Data plays a vital role in the modern business landscape. As such, it is crucial that its availability and integrity are ensured. Disruptions or disasters can significantly impact data accessibility, leading to severe financial and operational consequences for organizations. This paper explores the concept of data disaster recovery (DR) and presents how Playtika combines the benefits of Amazon Web Services (AWS) and on-premises infrastructure to create a robust hybrid DR solution. The hybrid approach leverages the strengths of both environments to maximize data protection, recovery speed, and cost efficiency.
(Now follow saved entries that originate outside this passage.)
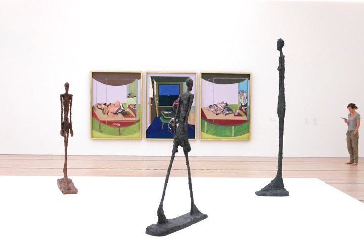 I primi due sono quelli più immediati: l’incontro con Isabelle Rawsthorne. E poi, appunto, il tema della gabbia, che Bacon prende tout-court da Giacometti. C’è la stanza dedicata all’ossessione per il ritratto (difficile tener conto del numero delle teste di Giacometti, da quelle alte pochi centimetri, fino alle monumentali). C’è poi sala che invita a riflettere sul rapporto tra tempo e spazio, la più impressionate: vedremo ancora tanti e tali capolavori accostati con una simile eleganza e intelligenza? Di Giacometti c’è L’Homme qui marche II del 1960, nella versione in gesso e in quella in bronzo. Poi due monumentali Grande femme dello stesso anno. Cinque Femme de Venice, due in gesso e tre in bronzo. E di Bacon: cinque opere singole, tra cui uno sconvolgente Study for a bullfight n.2 del 1969 e tre trittici da capogiro. In particolare, quello in memoria di George Dyer, dipinto dopo il suicidio, di proprietà della Beyeler, qui, a confronto diretto con gli altri, si mostra in tutta la sua struggente forza. Sono accostamenti tematici che, pur restando alla superficie dell’opera di entrambi, danno la possibilità, anche per la maestosità, il numero, le dimensioni e la qualità dei pezzi esposti, di verificare la profonda comunanza di intenti.
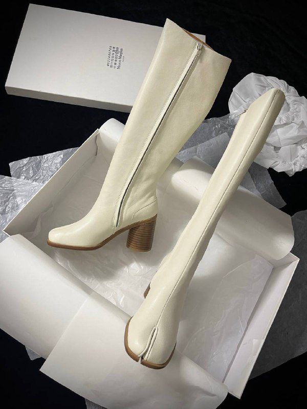 Сапоги Tabi Maison Margiela на каблуке сделаны из натуральной кожи на каблуке. Данная модель обувь высокая и имеет расцветку в двух цветах: молочный, черный. Купив сапоги вы дополните свой повседневный и вечерний образ.
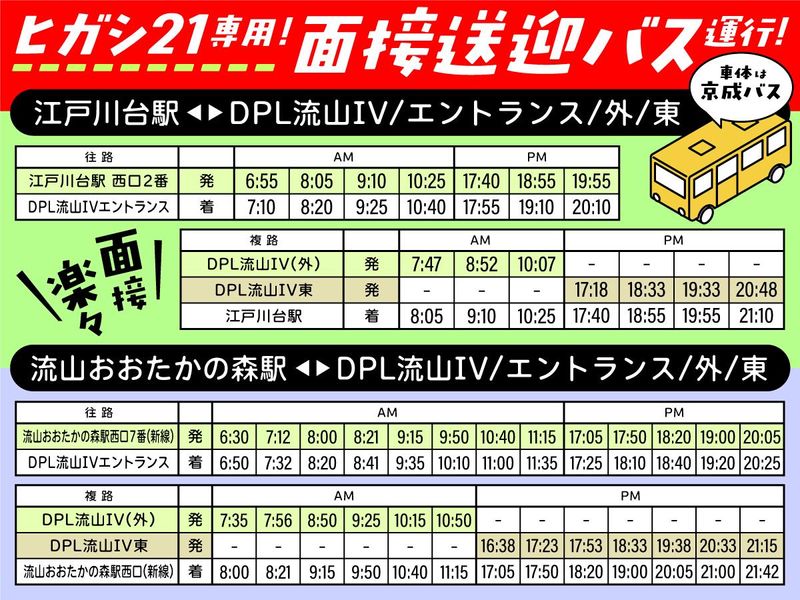 選考プロセス | 選考プロセス <選考の流れ> [1]応募/電話でのご応募も大歓迎! [2]書類選考 [3]面接(1回)/履歴書(写貼)持参 [4]採用 ✅職場見学も可能です ・職場見学は30分程度 ・業務内容や職場の雰囲気などをご案内します ・見学後にそのまま面接へ進むことも可能です ⭐面接・職場見学ともに 来社時は私服・お車・お子様連れOK! ⭐ハローワークで求職中の方も歓迎! \画像長押しでダウンロード可能/ ★画像4枚目 └面接会場の地図 ★画像5枚目 └面接時に利用可能な送迎バスの時刻表 事前にチェックしておくと安心です◎ ⭐託児所利用希望の方⭐ 下記より事前にお問い合わせいただくとスムーズです。 ■ママスクエアHP 問い合わせフォーム https://www.mamasquare.co.jp/hoiku/hoiku_contact/ ※「ながれやまsora」をご選択いただき、お名前・ご連絡先等と 「ヒガシトゥエンティワンで就業希望」と詳細欄にご記入いただければ、 折り返しご連絡させていただきます。 |
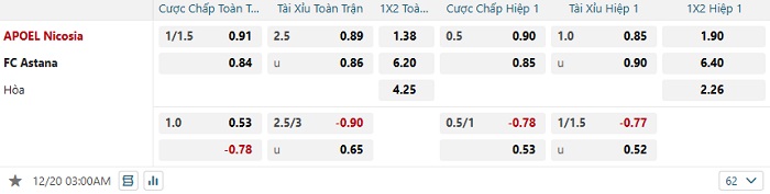 Tip kèo Châu Á hiệp 1 APOEL vs Astana
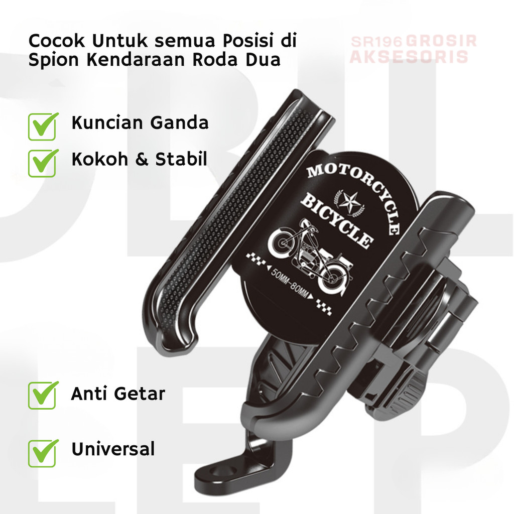 Holder Hp Motor Spion Dual Lock Anti Maling 360 Rotasi / Dudukan Tempat Handphone di Motor Stabil

2. Data Disaster Recovery:

Data disaster recovery involves the process of ensuring data availability and integrity in the event of a disruption or disaster. Various scenarios, including natural disasters, cyber-attacks, hardware failures, and human errors can all jeopardize data accessibility. A comprehensive DR plan is necessary to minimize the impact of such incidents and enable business continuity.

3. AWS Cloud Services:

Amazon Web Services (AWS) offers a wide range of cloud services that are highly relevant to data disaster recovery. At Playtika, we mainly use EC2 for its scalability, allowing you to scale your computing resources up or down, based on your needs. You can conveniently add or remove instances based on your workload needs, and enjoy flexibility, thanks to a diverse selection of instance types. You can also choose the optimal configuration for your specific workload, whether it requires compute power or memory optimization.

4. On-premises Infrastructure:

Playtika operates 95% of its infrastructure within on-premises data centers, which plays a vital role in ensuring data disaster recovery. The solution incorporates local backups and redundant configurations, with storage appliances such as Pure and Vast serving as the backbone. These appliances are continuously synchronized between our data centers, while network-attached storage (NAS) and redundant array of independent disks (RAID) are commonly utilized technologies for safeguarding on-premises data.

5. Hybrid Data DR Architecture:

The hybrid DR architecture combines the strengths of AWS cloud services and on-premises infrastructure to create a robust and scalable solution. To achieve dual redundancy, Playtika synchronizes data between its two on-premises data centers. This synchronization of data copies in both environments enables Playtika to ensure high availability and swift recovery in case of any disruptions.

6. Failover and Failback Strategies:

Failover refers to the transition from the primary infrastructure to a backup environment, while failback involves returning to the primary infrastructure once the disaster has been resolved. Automated failover procedures, such as DNS routing, load balancing, and IP address reconfiguration, play a crucial role in minimizing downtime. It is important to note that all data persistence on our disaster recovery (DR) site, ensuring data availability during the failover process. 

At Playtika, this entire process is fully automated and overseen by our OPS group.

This process encompasses several steps:

  1. Configuring the network in AWS.
  2. Scaling up the network configuration.

Provisioning servers using Terraform.Installing necessary applications and establishing connections to our disaster recovery (DR) siteModifying DNS/F5 records to ensure smooth transition..In certain situations, manual failover may be necessary.

7. Cost Considerations:

Cost is a crucial factor in designing a data DR solution. AWS offers flexible pricing models, including pay-as-you-go and reserved instances, allowing organizations to optimize costs based on their specific needs. Data lifecycle management techniques, such as tiering and archiving, can also be employed to help reduce storage costs.

By adopting this hybrid solution, Playtika is able to avoid having to purchase all the necessary hardware upfront. Instead, hardware resources are provisioned on-demand as and when they are required.

8. Testing and Maintenance:

Regular testing and maintenance are vital to ensure the effectiveness of the DR solution. It is vital to conduct table-top exercises, parallel testing, and full-scale simulations to validate the readiness of the hybrid DR environment. Additionally, continuous monitoring and updates are necessary to promptly identify and address any vulnerabilities or configuration changes that could potentially impact data DR operations. These proactive measures help maintain the resilience and reliability of the DR solution, ensuring its ability to effectively mitigate risks and facilitate seamless recovery when needed.

9. Conclusion:

A comprehensive and robust data disaster recovery solution is achieved through a hybrid approach that combines AWS cloud services and on-premises infrastructure. This approach leverages the strengths of both environments, enabling organizations to ensure high data availability, rapid recovery, and cost efficiency. To adapt to evolving business needs and technological advancements, it is crucial to proactively plan, test, and regularly maintain the hybrid disaster recovery (DR) environment. In doing so, organizations can stay prepared for potential disruptions and confidently navigate the ever-changing landscape of data protection and recovery.